As one of the five permanent members of the U.N. Security Council, the U.S.—along with the United Kingdom, China, Russia and France—holds veto power over any motion brought before the council, enabling any of the five to vote any resolution down despite support from the remaining members of the council or the General Assembly.
Ashrawi has urged the U.S. to abstain from taking part in the Security Council vote if it would not outright support the motion for Palestinian statehood.
The Post reports that even if the U.S. vetoes the Palestinian motion as expected, the request is likely to receive majority support from the General Assembly, which the U.N. requires to grant "non-member state" status to a potential state. However, this would only be a symbolic victory that would not empower Palestinians' challenging of the Israeli occupation of the Gaza Strip, West Bank and East Jerusalem.
Ashwari said the precise wording of their statehood bid is still being drafted and was unsure whether wording regarding border details or claims of East Jerusalem as a future capital would be included. The eastern portion of the city is traditionally Arabic, however the current Israeli government insists on retaining sovereignty over the entire city, the Post reported.
YNet reports the P.A. is intentionally scheduling Abbas' speech on Sept. 23—a Friday—which is a day the international Arab community holds mass prayers, and since the beginning of the Arab spring, has become a day of protest against authoritarian regimes.

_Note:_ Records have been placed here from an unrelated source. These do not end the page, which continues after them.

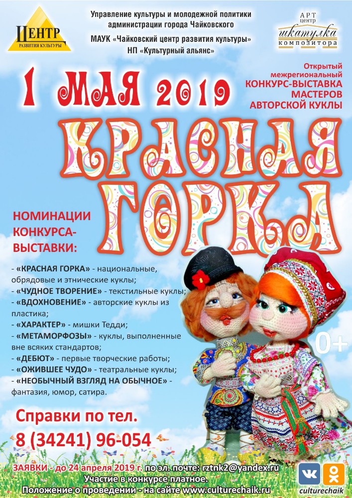 1 мая в Арт-центре «Шкатулка композитора» состоится Открытый межрегиональный конкурс-выставка мастеров авторской куклы «Красная горка». Организаторы приглашают рукодельниц и мастеров поделиться своим творчеством с жителями и гостями города Чайковский.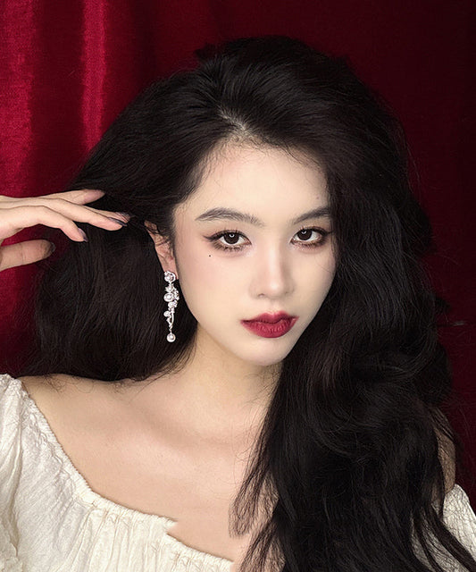 Zircon Pearl White Stergild Classy Drop Silver Earrings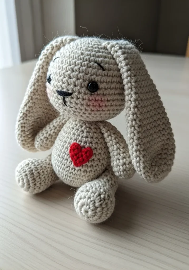 This precious crochet bunny is worked in a soft cream yarn with long floppy ears and tiny stitched features. Its small black eyes and gentle smile give it a sweet expression, while the bright red heart on its chest adds the cutest pop of color. The tight stitches keep the body firm and structured, yet it still looks soft and huggable. The overall design feels simple, warm, and full of personality.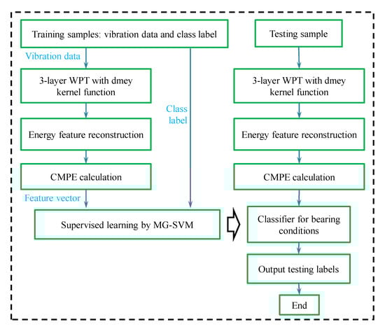 The flowchart of bearing fault diagnosis based on a wavelet packet transform, energy feature reconstruction, composite multiscale permutation entropy and classification method of medium Gaussian support vector machine (WPT-EFR-CMPE + MG-SVM).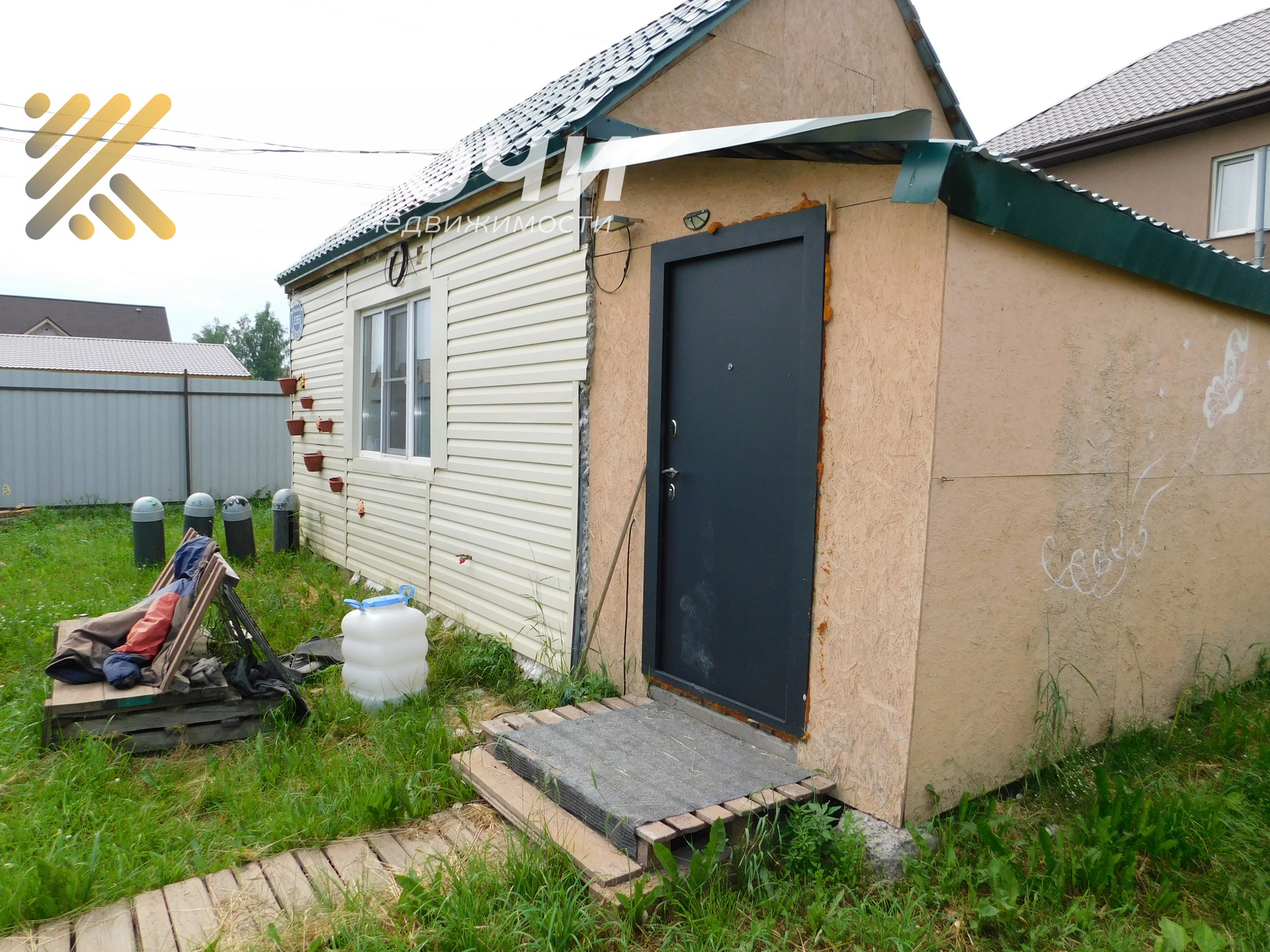 Домик из бруса обшит сайдингом и утеплителем, все коммуникации заведены можно жить зимой. На участке еще есть место для постройки большого дома этот маленький можно переделать под баню.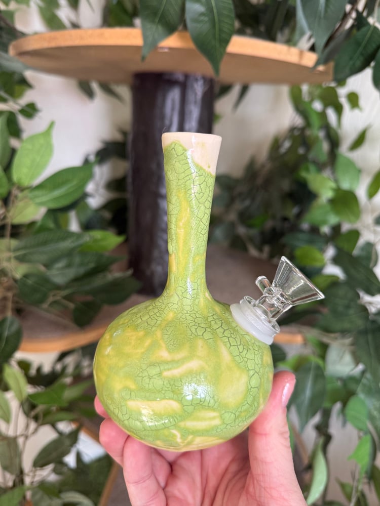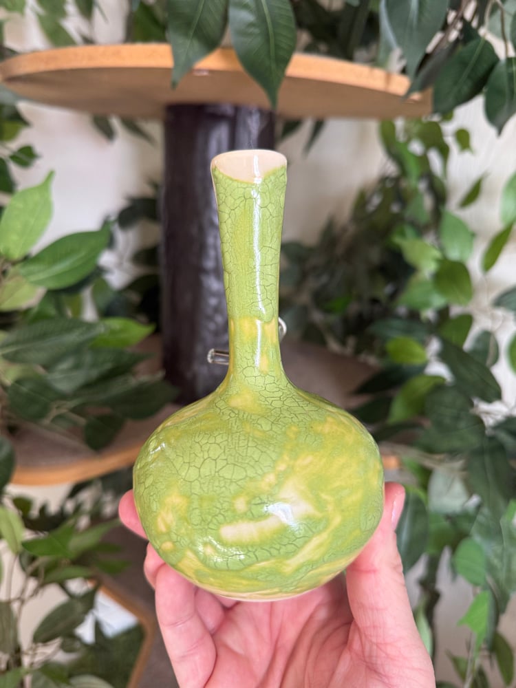 This water vase was a fun experiment, a slime green glaze effect that crawled and bubbled!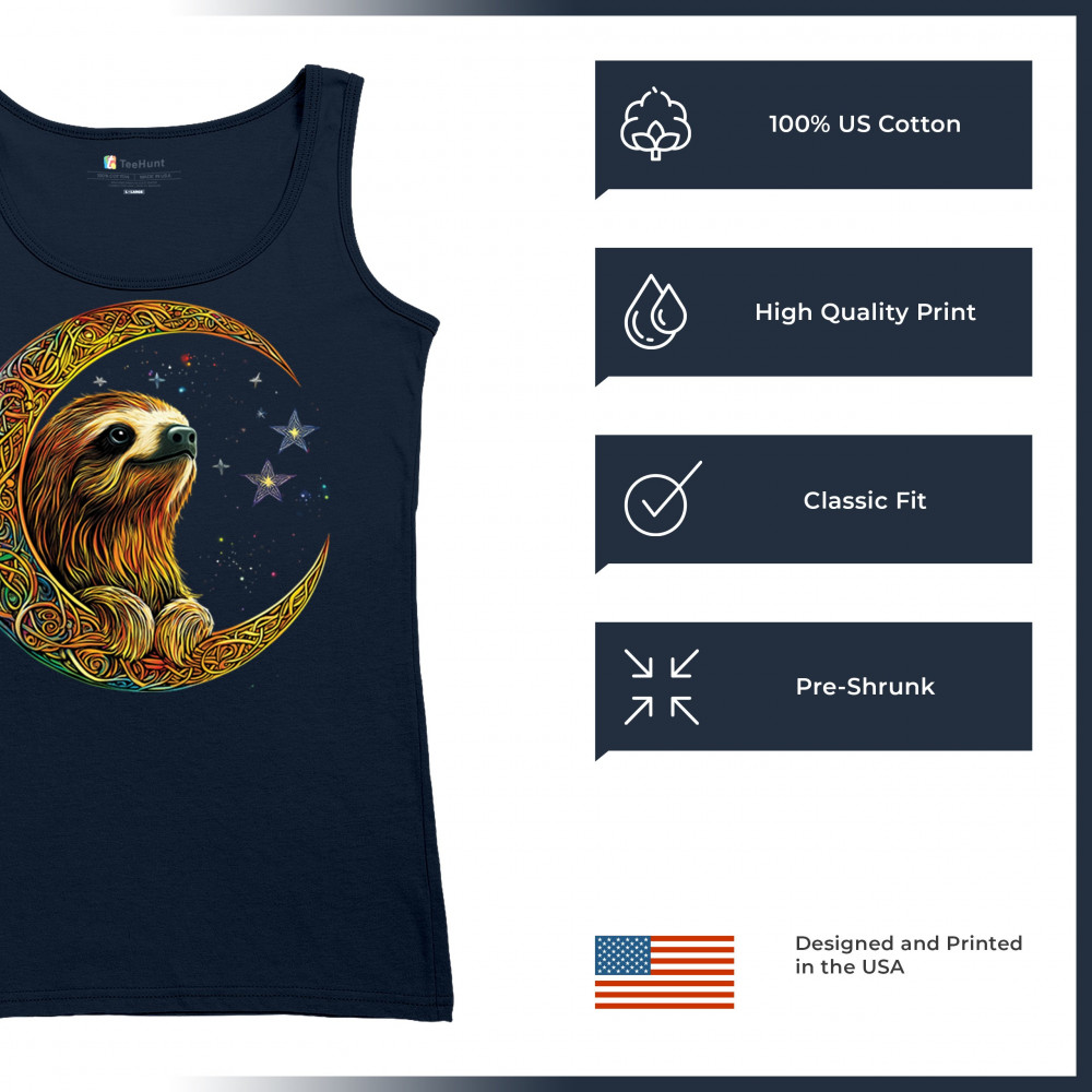 Celebrate peace and presence with this stunning sloth design cradled in a gold Celtic crescent moon. Surrounded by a vibrant starry sky, the image blends jungle whimsy with tribal patterns and mystical vibes. A perfect design for lovers of fantasy animals, mindfulness, and slow living. A beautiful tribute to spiritual stillness and cosmic calm.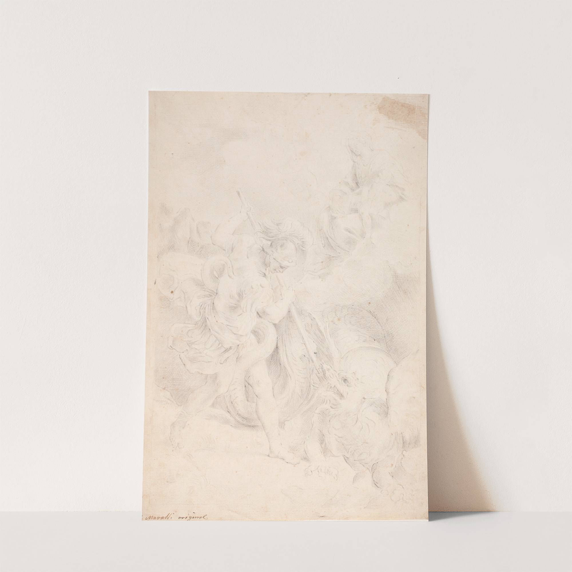 Den hellige Georg kæmper med dragen by Hendrik Krock - Wall Art Print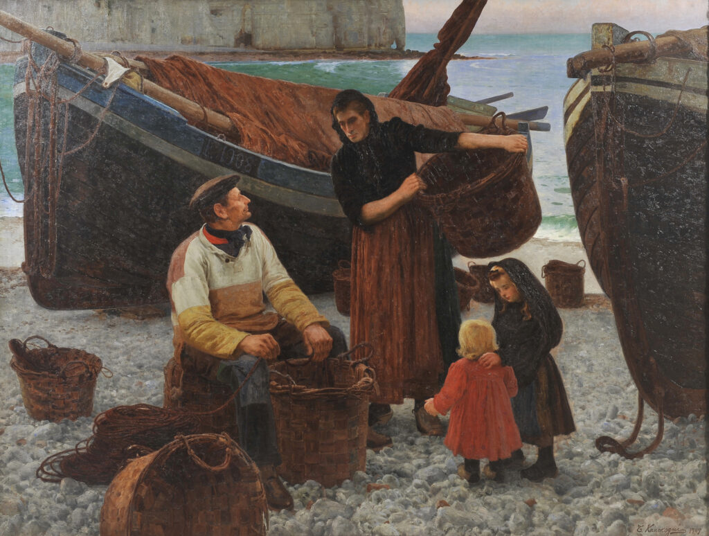 《ノルマンディーの浜》は鹿子木孟郎(かのこぎたけしろう、1874~1941)が2度目のフランス留学中の1907(明治40)年に制作されました。本作は1908年春のフランス芸術家協会サロンに入選し、帰国後の第2回文部省美術展覧会にも出品されるなど、留学の総決算として描かれた鹿子木の代表作です。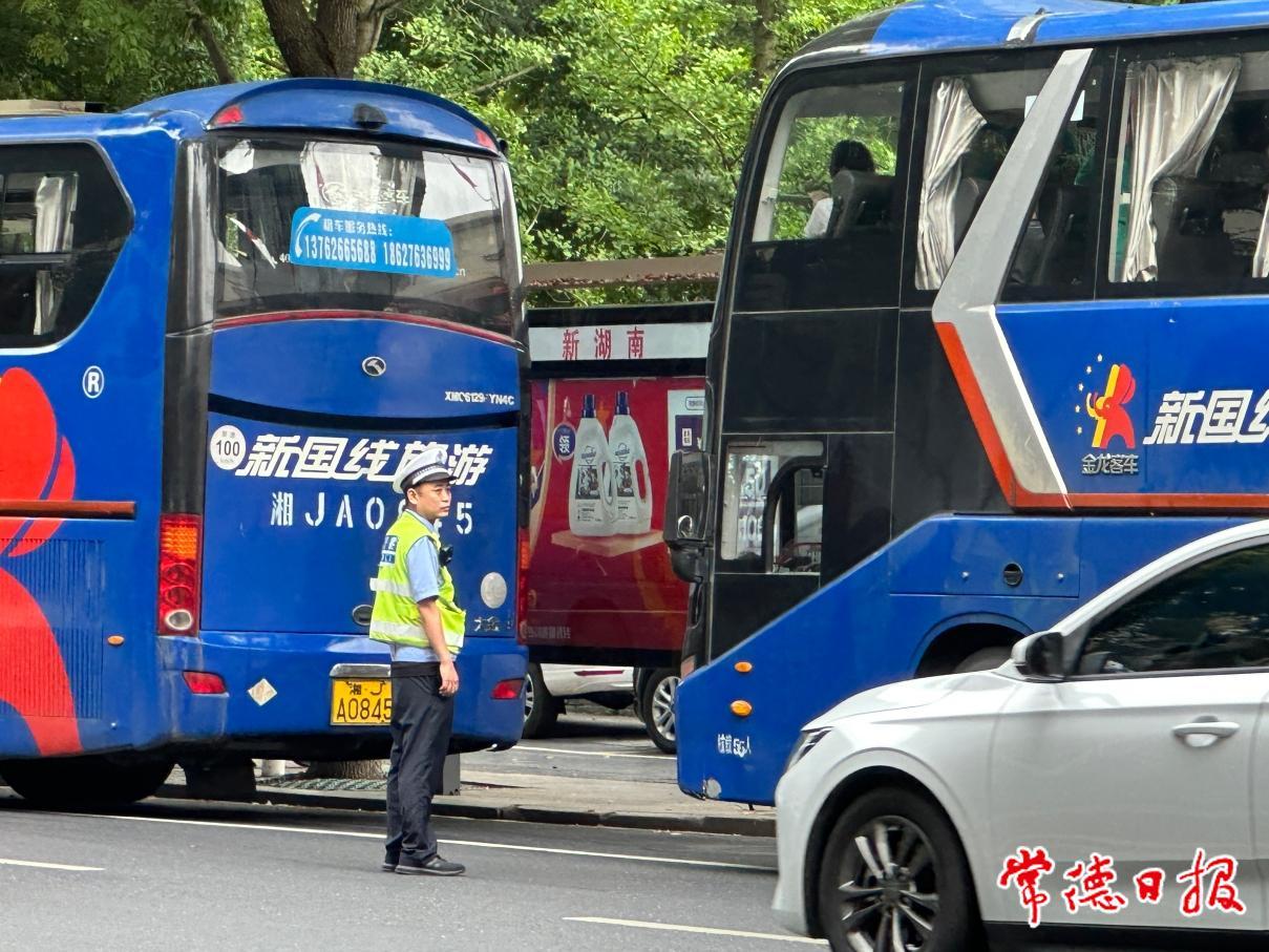 值守民警指揮過(guò)往車輛,確??键c(diǎn)周圍的秩序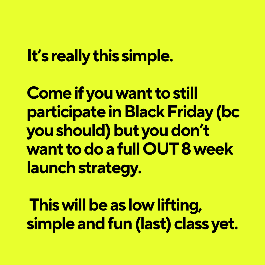Come if you want to still participate in Black Friday (bc you should) but you don’t want to do a full OUT 8 week launch strategy.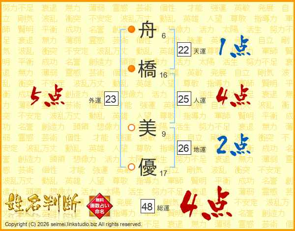 舟(6画)橋(16画) 美(9画)優(17画)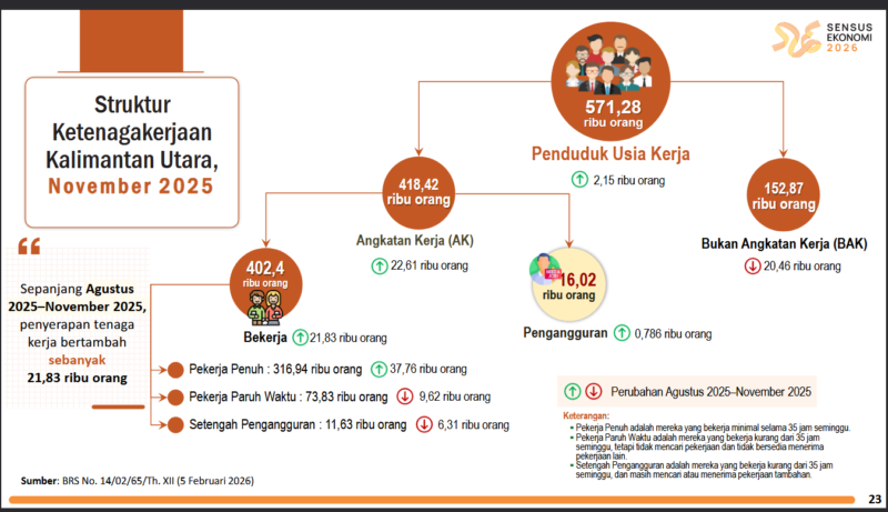 TANJUNG SELOR.NIAGA.ASIA – Sepanjang Agustus 2025 – November 2025, penyerapan tenaga kerja di Provinsi Kalimantan Utara (Kaltara) bertambah sebanyak 21.830 orang. Sedangkan Tingkat Pengangguran Terbuka (TPT) Bulan November 2025 sebanyak 16.020 orang atau 3,83 persen, atau turun -0,02 persen poin dibandingkan dengan Agustus 2025.

It is hoped the Palestinian bid for statehood will draw mass support from people in cities not only in the Arab world, but in the West as well.
Although both the United States and Israel favour a negotiated settlement, it is unlikely the P.A. will back down from its U.N. bid.
"When it comes to September, we have reached a point of no return," a senior Palestinian official told YNet. "Even if negotiations with Israel suddenly begin, we cannot retreat from turning to the UN."